Around the state Capitol, she's known as an aggressive volunteer. A high school home economics and economics teacher for 38 years, Paschedag began lobbying legislators for grant money for schools in the early 1960s. She started volunteering for AARP Illinois in 1992, at first distributing position papers to legislators on behalf of the organization. Then she started to lobby face-to-face, choosing issues she felt passionate about.

Paschedag is among more than 200 people who volunteer for AARP Illinois in a variety of roles. Here are some other examples.

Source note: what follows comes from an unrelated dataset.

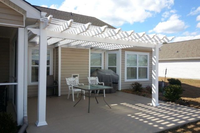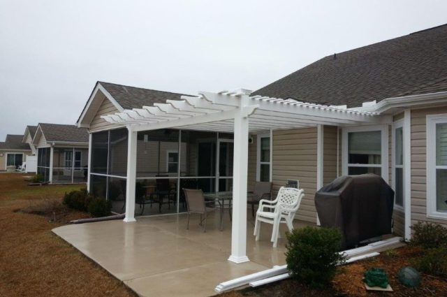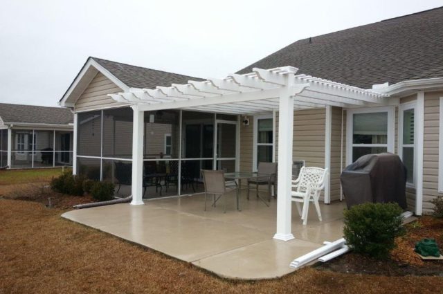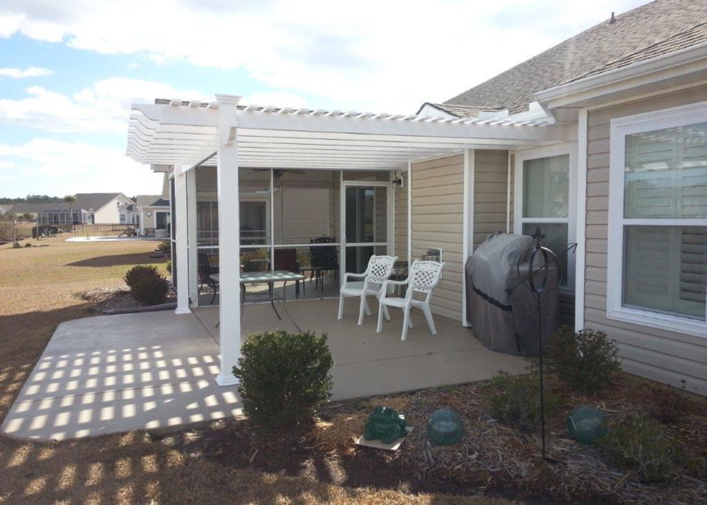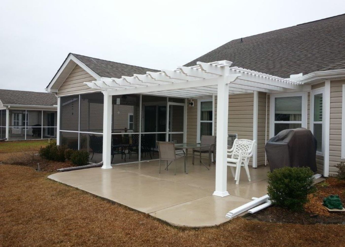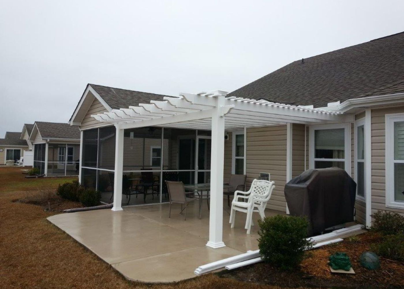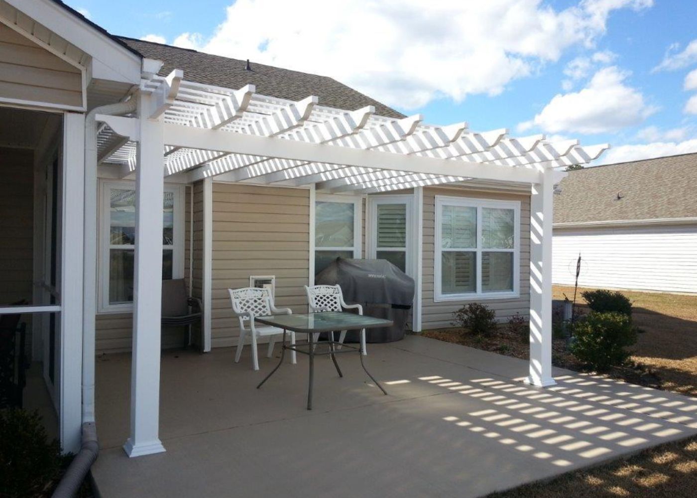 This white attached pergola spans a concrete patio with a grill and chairs, offering an ideal outdoor space next to a screened-in porch.

While helping at a local university library and at the Abraham Lincoln Presidential Museum in Springfield, Martha Clough already had the volunteer spirit when AARP asked her to lend a hand six years ago.

AARP volunteer Mary Clough is also a volunteer at the Abraham Lincoln Presidential Library and Museum in Springfield.

Martha Clough

Clough, 66, of Buckhart, worked with AARP staff members to organize volunteers for the state office. They perform a variety of tasks, such as serving as legislative advocates and handing out brochures at local health fairs and the Illinois State Fair.

Along with the volunteers she organizes, Clough helps improve the lives of those over 50. She has visited a nursing home to help organize holiday parties and to distribute gifts and handmade blankets.

"It gives us a good feeling that we're making a little bit of difference in others' lives. We get to help others, including those less fortunate," Clough said.

She and her husband, Dean, have also assisted at the Illinois Senior Olympics in Springfield, specifically the swimming and shot put events.